Plugging *this* into Bayes’ theorem, we get *P*(*T*|*E*)=0.997. So our credence has crept down, but only a little: from 0.999 to 0.997. This is much more optimistic (and conservative) than the big move from 0.999 to 0.99 that the intuitive calculation predicted.

So, if I am right, at least one of the reasons why anomalies don’t do much damage to scientific theories is that when the scientific theory *T* is well-confirmed, the anomaly is not only surprising on the theory, but it is surprising on the denial of the theory—because the background includes the data that makes *T* “well-confirmed” and would make *E* surprising even if we knew that *T* was false.

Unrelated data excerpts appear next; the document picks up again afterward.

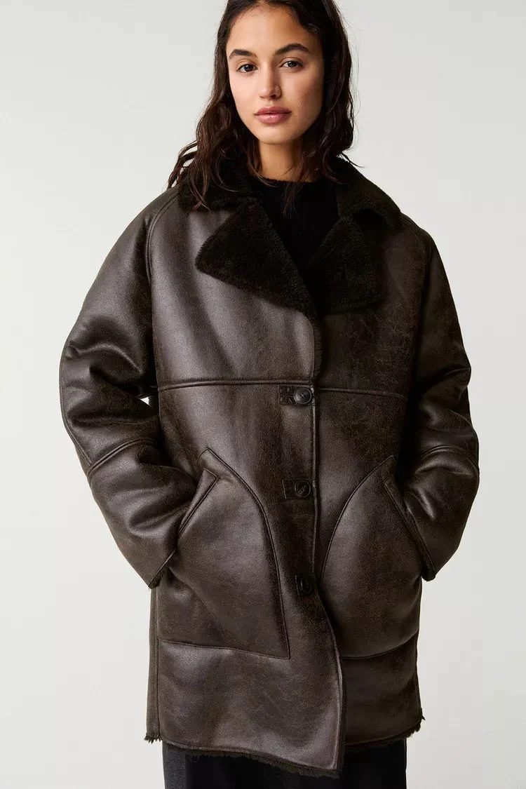 Si buscas una prenda que te proporcione estilo, comodidad y protección contra el frío, el abrigo doble faz efecto piel de Pull&Bear es una opción imprescindible. Con su mezcla de texturas y detalles cuidados, es el abrigo ideal para completar tus looks invernales con un toque de lujo y calidez.
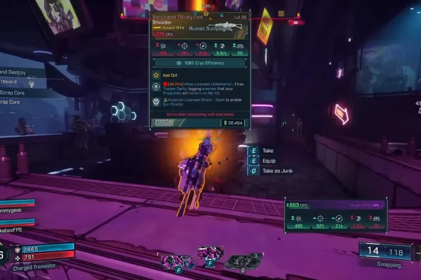 At Moxy’s Bar, players can unlock rare legendary weapons by donating $1,000 repeatedly. One notable example is the Cold Shoulder assault rifle, which features a quote directly from Home Alone 2: “You’ve been smooching with everybody.”
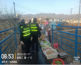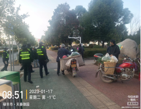 2023年1月17日上午9时许,禄丰市城管局执法队员巡逻至侏罗纪大街中段天泰御园对面小铁桥时,发现大量摊贩在此卖菜,因气温低桥面结冰,路面较湿滑,菜贩聚集在此摆摊卖菜,存在较大安全隐患。见此,执法人员开始劝告摊贩到安全区域或进入市场规范经营,并告知群众进市场购买。

Note that this argument works less well if the anomalous case is significantly different from the cases that went into the confirmation of *T*. In such a case, there might be much less reason to think *E* won’t occur if *T* is false. And that means that anomalies are more powerful as evidence against a theory the more distant they are from the situations we explored before when we were confirming *T*. This, I think, matches our intuitions: We would put almost no weight in someone finding an anomaly in the course of an undergraduate physics lab—not just because an undergraduate student is likely doing it (it could be the professor testing the equipment, though), but because this is ground well-gone over, where we expect the theory’s predictions to hold even if the theory is false. But if new observations of the center of our galaxy don’t fit our theory, that is much more compelling—in a regime so different from many of our previous observations, we might well expect that things *would* be different if our theory were false.

And this helps with the second half of the problem of anomaly: How do we keep from holding on to *T* too long in the light of contrary evidence, how do we allow anomalies to have a rightful place in undermining theories? The answer is: To undermine a theory effectively, we need anomalies that occur in situations significantly different from those that have already been explored.

Note that this post weakens, but does not destroy, the central arguments of this paper.